10 Steps Nurses Take to Address Ethical Concerns

Fall 2016 As Seen in Our Fall 2016 Issue
10 Steps Nurses Take to Address Ethical Concerns

By Cynda Hylton Rushton

Each issue, a member of the Johns Hopkins Nursing community will address a workplace or classroom concern in straightforward terms. Here, ethics expert Cynda Rushton, PhD, RN, FAAN, discusses the importance of establishing an ethical workplace and steps nurses can take to foster moral resilience.1

Ethics is integral to everyday nursing practice—nurses in all roles and specialties must have the requisite knowledge, skills, and competencies to recognize and address ethical issues. If you do not feel confident in your skills, seek continuing education or courses in bioethics or nursing ethics.

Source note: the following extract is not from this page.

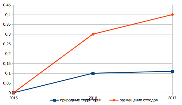 ● Согласно статистическим данным контрольно-надзорных органов в 2017 году (Пример 30 в п.4.2.9 Приложения) количество и масштабы экологических нарушений на территории области в целом продолжили снижение. Не было зафиксировано также масштабных резонансных нарушений.

Be familiar with the ANA Code of Ethics for nurses: Use it as a resource and justification for ethical practice.


Recognize signals that indicate when an ethical issue is present. Notice what your body is telling you to pay attention to (rapid heart rate, sweaty palms, shallow breathing, muscle tension). What emotions are present (fear, anger, sadness, anxiety)? Is my conscience engaged (threat to core moral values, perception of participation in moral wrongdoing, moral outrage)?


Get the facts. Clarify assumptions, biases, and meaning among stakeholders.


Learn to describe the ethical dilemma clearly and concisely by developing a robust moral vocabulary. Go beyond “Why are we doing this?” to naming the ethical conflict by appealing to violations of core professional values.


Use a systematic process to engage in ethical discernment and analysis. Determine an ethically justified response including action or in some cases, inaction.


When indicated, speak up and speak out with confidence and skill.


Know the process for exercising conscientious objection. Use judiciously and thoughtfully.


Know your resources. Navigating ethical concerns often exceeds our individual capacities. Be comfortable asking for and receiving support and advice.


Contribute to creating a culture of ethical practice in your workplace; participate in workplace committees or initiatives that foster culture change and professional organizations to advocate for system change.

Cynda Rushton’s book Moral Resilience: An Antidote to Moral Distress, to be published by Oxford University Press, aims to transform current approaches by focusing on innovative methods to cultivate moral resilience and designing a culture in health care that supports ethical practice.